When it feels like you’re spinning in circles, you have several options: namely, you can keep on spinning, or you can stop. It’s easy to fall into the trap of thinking your day job is more rote or repetitive than others’, but actually life itself is a revolving door: we wake, bathe, bring home the bacon, fry it up in a pan, clean up our mess, tend our kids or pets, plant ourselves on the couch with a book and blanket, then go to sleep, destined to repeat it again tomorrow. We are born, grow up, grow old, then die, stuck in the epic catastrophe of human life, a drama culminating with the dire trinity of old age, sickness, and death. Surely, we say to ourselves, there must be something more than this; surely, the Buddha said to himself, there has to be a way out.

Wall at Central Square

Last night at the Zen Center, I reminded myself of something I’ve long known but constantly forget, time and again: it takes only a second to stop.
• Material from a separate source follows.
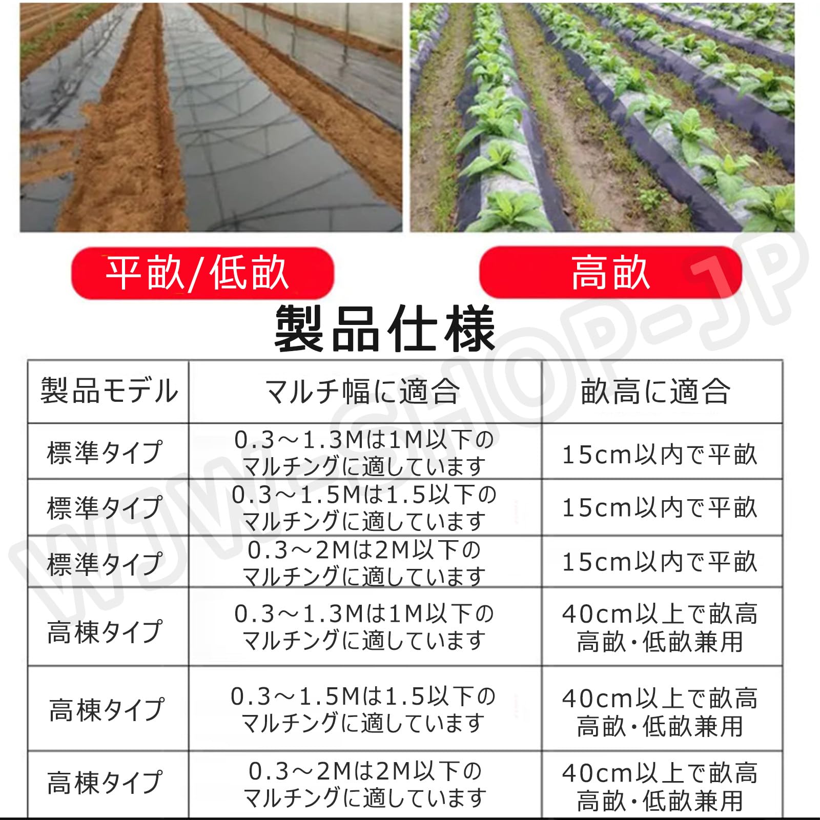 · 【操作が簡単で省力】マルチを切断する手間が不要!手押しでスムーズに作業でき、自動で土を被覆します。手作業での覆土作業が不要になり、時間と労力を大幅に節約。農作業の負担を軽減し、作業効率を向上させます。· 【調整機能充実、多様な畑に対応】フィルムの深さや幅を自由に調整可能!ホイールの高さ調節で、被覆する土の量もコントロール。高畝低畝平地など、多様な畑の地形に対応。野菜トマトピーナッツなど、幅広い作物の栽培に適しています。· 【2 種類のモデルから選択可能】「Standard」「High Ridge Model」の 2 モデルを用意。Standard は 15cm 以内の畝に、High Ridge Model は 40cm 以内の高畝にも対応。大型の防風ホイール設計で安定性が高く、畑の条件や作物に合わせて最適なモデルを選べます。· 【高品質素材で耐久性抜群】丈夫な金属素材を使用。長期間の農作業にも耐えられる耐久性を備えています。ホイールやフレームの損耗が少なく、繰り返しの使用でも安定した性能を発揮。維持費が安くて経済的な農具です。· 【マルチ敷設の最適サポート】湿地硬い地面粗い土壌には適さないため、事前に土壌を均す作業が必要ですが、適切に準備すれば、マルチの敷設を一貫してサポート。畝の形状に合わせてマルチを確実に被覆し、保温保湿雑草抑制の効果を最大限に引き出します。品質サービス:1、 当社の製品に問題がある場合は、お気軽にお問い合わせください。2、輸送中に多少の衝撃が加わる可能性がございます。万が一不具合や破損などがございましたら、部品の再送など対応させていただきますので、お気軽にご連絡くださいませ。3、商品が多いため、発送時に説明書をお送りし忘れることがございます。万が一、説明書が届いていない場合や、商品組み立てに関してご不明点がございましたら、お手数ですがご連絡いただけますようお願い申し上げます。電子版の説明書を再送させていただきますので、どうぞご安心ください。お客様にはご理解いただきますようお願い申し上げます。お客様のご支援が、私たちの励みとなっております。

Swept up in the rat race of your mundane life, you think the earth itself will stop spinning if you power down your laptop, shut off your phone, and step away from your to-do list…but having done these things, you realize nothing has changed but your own perspective. The emails are still there to be answered when you reboot your computer; the to-dos still beckon from their list. But you yourself can change; you yourself can re-charge.

Wall at Central Square

From your dizzying perch atop life’s revolving door, it’s easy to grow queasy from the ceaseless swirl of activity we call life, but the second you step off that dizzy-go-round, the world slows and solidifies underfoot. This revolving door called life is filled to overflowing with discreet moments, each one marching in turn. You can grow sick from the spinning redundancy of it all, or you can zero in and focus on This Present Moment, then the next, then the next. Suddenly the cycle isn’t sickening but wonderful: a glorious procession of moments staged just for your own enjoyment, so don’t miss it.

Wall at Central Square

Last night at the Zen Center, I had the same realization I always have at the Zen Center: why did I stay away so long? The rat race is always there, ready to welcome me back as soon as I return to it…but the rat race holds no power over me the second I decide not to run. There’s nothing more repetitive than spending three hours chanting, meditating, and walking, your own breath coming and going through the revolving door of your own body: inhale, exhale, repeat. The cyclic certainty of your workaday life is enough to drive you mad, and the cure is to reacquaint yourself with another kind of monotony: this breath, this body, this moment, each instant following the next like a foot stepping into its own footprint. It takes only a second—this second—to return to it.